Winning Best Data Visualisation at the IDI Awards 2023 was the result of treating data visualisation as a design problem first and a technical

The ESB Real-Time Visualization Platform won Best Data Visualisation at the IDI Awards 2023 and was benchmarked by Microsoft for its design approach. What made it distinctive wasn't the technology stack — it was the decision to treat data visualisation as a design discipline before treating it as an engineering problem.
Most data dashboards are built to answer the question: 'How do we display this data?' The better question is: 'What decisions does this person need to make, and what data do they need to make them confidently?'
At ESB, station managers and energy traders needed to monitor real-time output across multiple generating assets in Ireland and the UK, track performance against financial targets, and identify anomalies that required immediate action. The dashboard wasn't a reporting tool — it was an operational command interface. Every design decision flowed from that understanding.

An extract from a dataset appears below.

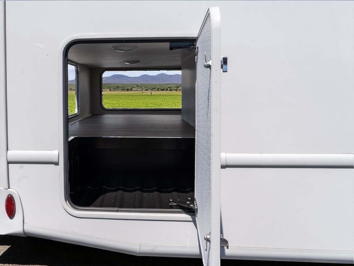 Every Freedom Traveler has an amazing amount of storage, including lighted MEGA-Storage™ with flush mount radius doors for store all your camping gear.

The temptation in any data-rich environment is to display everything. The right approach is to display the right things at the right level of prominence. On the ESB platform, we established a strict information hierarchy: critical operational alerts at the top, near-real-time performance metrics in the primary view, and detailed historical analysis accessible but not dominant.
This hierarchy was validated through observation sessions with actual plant managers and traders — watching how they scanned the screen, what they looked for first, and where their eyes naturally landed. The AI saliency model we used for product testing confirmed and refined these observations with objective attention data.
In data visualisation, colour is a functional tool, not a decorative one. On the ESB platform, every colour choice had a specific semantic meaning — green for normal operating ranges, amber for approaching threshold, red for alert conditions. We enforced this discipline ruthlessly: no colour appeared in the interface that didn't carry functional meaning.
The result was a visual language that experienced users could read in seconds, without needing to parse labels or legends, because the colour system did most of the communicative work.
Great visualisation design is only possible when the data architecture beneath it is sound. On ESB, I worked closely with the engineering team on the Data Warehouse and ETL pipeline design — because if the data is arriving inconsistently, with latency, or in incompatible formats, no amount of design skill can produce a reliable operational dashboard.
The investment in a robust data foundation was as much a product decision as a technical one.